Experiências

"Estar disponível para ouvir confissões é uma prioridade".

O Papa Francisco nomeou o Cardeal Mauro Piacenza (Génova, 1944) Penitenciário Maior da Santa Sé em 2013. Anteriormente foi subsecretário, secretário e prefeito da Congregação para o Clero. É, portanto, a pessoa certa para falar sobre como reforçar a prática da confissão sacramental neste Ano da Misericórdia. 

Henry Carlier-9 de Fevereiro de 2016-Tempo de leitura: 8 acta
Cardeal Mauro Piacenza

O Papa Francisco recordou-o na sua recente entrevista de livro O nome de Deus é misericórdiaA experiência mais importante que um crente deve ter neste Ano Jubilar de Misericórdia é "permitir que Jesus se encontre consigo, aproximando-se do confessionário com confiança". Falámos com a actual Grande Penitenciária da Santa Sé sobre como os sacerdotes e os leigos podem contribuir para a prática da confissão.

No Ano da Misericórdia será central que os fiéis se voltem para o sacramento específico da misericórdia de Deus, a confissão. Mas não deveríamos aprofundar a ideia do perdão, a realidade do pecado e a necessária reconciliação com os nossos irmãos e irmãs?
-Certo, a questão fundamental num Jubileu é sempre a "conversão" e, portanto, o protagonista é a confissão sacramental. Para nós, peregrinos deste mundo e pecadores, o discurso sobre misericórdia seria em vão se não conduzisse à confissão, através da qual fluem as águas frescas e regeneradoras da misericórdia divina.

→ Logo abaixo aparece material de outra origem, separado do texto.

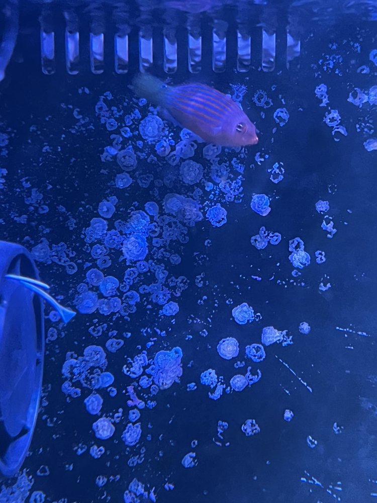M MCB85 Well-Known Member BRS Member Feb 9, 2024 #1 Small fish. My kid wanted to get it and I didn’t do my homework. Hogfish is bullying the wrasse. Will trade for a frag or what I paid for 38$. Thanks!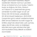 Meteoroloji Genel Müdürlüğü’nden yapılan açıklamaya göre, bugün akşam saatlerinden itibaren Samsun çevreleri ile Sinop ve Kastamonu’nun kuzeyi, Tokat’ın kuzey ve doğu kesimleri ile Ordu, Giresun ve Trabzon’un iç bölgelerinde güney yönlerden kuvvetli rüzgâr ve yer yer fırtına bekleniyor. Rüzgârın saatte 40 ila 60 kilometre, yüksek kesimlerde ise 60 ila 80 kilometre hızla esmesi öngörülüyor.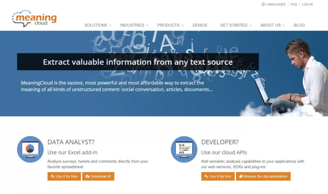 情感分析:Meaning Cloud结合了最先进的人工智能技术,提供功能级别的情感分析,社交媒体语言处理。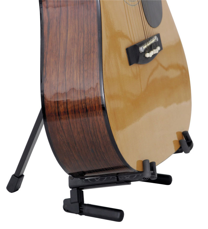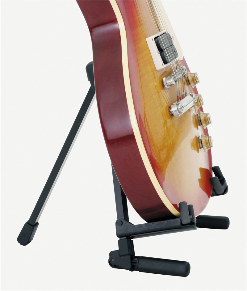 - Регулируемые опорные консоли позволяют использовать стойку для любых, как электрических, так и акустических гитар.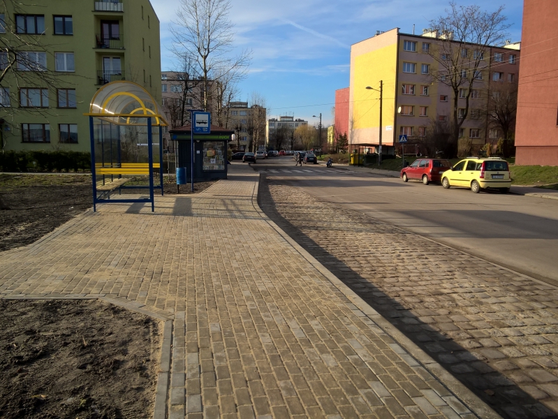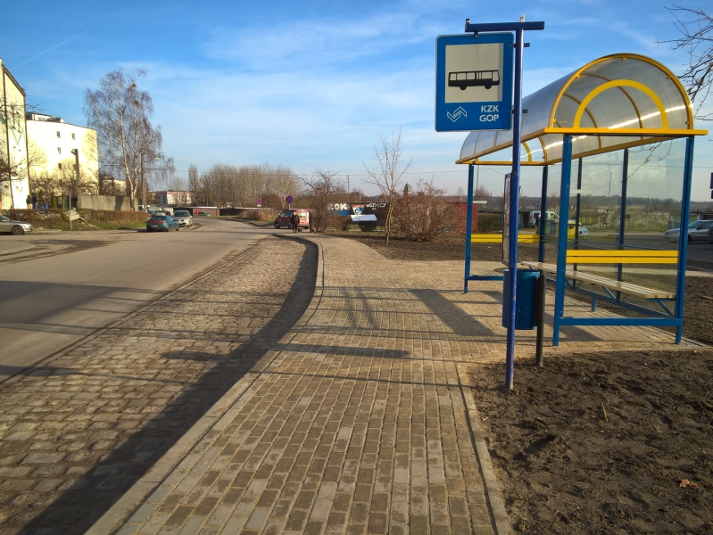 Wykonano pełnowymiarową zatokę z kostki granitowej oraz chodnik pozwalający zarówno na komunikację, jak również na bezpieczne oczekiwanie podróżnych na autobusy. Dodatkowo przystanek przy zatoce wyposażono w nową wiatę dla pasażerów.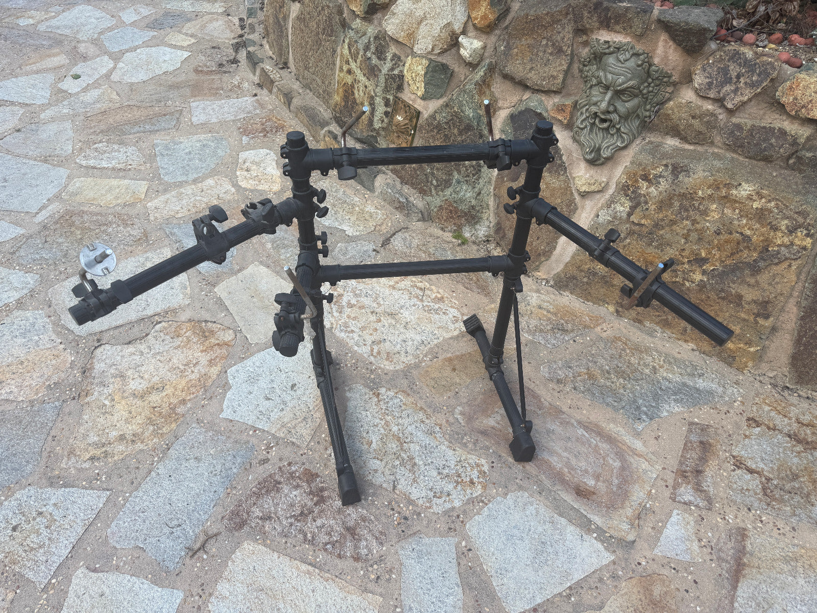 Has rust on the rack / screws / l rods but includes clamps . Comes as pictured

Todos nós pastores devemos demonstrar caridade pastoral eminentemente pela nossa generosa disponibilidade para ouvir confissões, encorajando a recepção dos fiéis e sendo nós próprios penitentes assíduos. A educação para uma boa confissão começa com a formação das consciências das crianças em preparação para a sua primeira Comunhão.

Onde quer que haja uma crise na frequência deste sacramento fundamental, deve dizer-se que a crise está "in capite", na cabeça; é uma crise de fé. Para ir à confissão é necessário ter um sentido de pecado, porque a primeira maneira de resistir ao mal é reconhecê-lo e chamá-lo pelo seu nome: "pecado".

Olhando para o crucifixo, é possível perceber o que é o pecado e o que é o amor. Mas um tal olhar requer silêncio interior, sinceridade consigo mesmo, a eliminação de ideias preconcebidas e preconceitos, lugares comuns que, ao respirá-los através do ar, se tornaram gradualmente incorporados em nós por osmose.

Confessionários no Paseo de Coches del Retiro durante a JMJ em Madrid.

Atravessar a Porta Santa, o fim de uma viagem ou peregrinação, tem o seu fim "lógico" na reconciliação. E esta é uma condição para obter a indulgência do Jubileu.
-Normalmente chega-se à soleira da Porta Santa depois de uma peregrinação, longa ou curta. Prepara o espírito para a viagem, durante a qual se recorda a natureza peregrina da Igreja no tempo, e faz-nos compreender o significado da nossa própria vida. Durante a peregrinação meditamos, rezamos, dialogamos com o Senhor da misericórdia, examinamos a nossa consciência, pedimos a graça da conversão. Entre outras coisas, isto também nos torna conscientes da dimensão comunitária inevitável e faz-nos compreender que a reconciliação com Deus também implica a reconciliação com os nossos irmãos e irmãs, que é a consequência da primeira.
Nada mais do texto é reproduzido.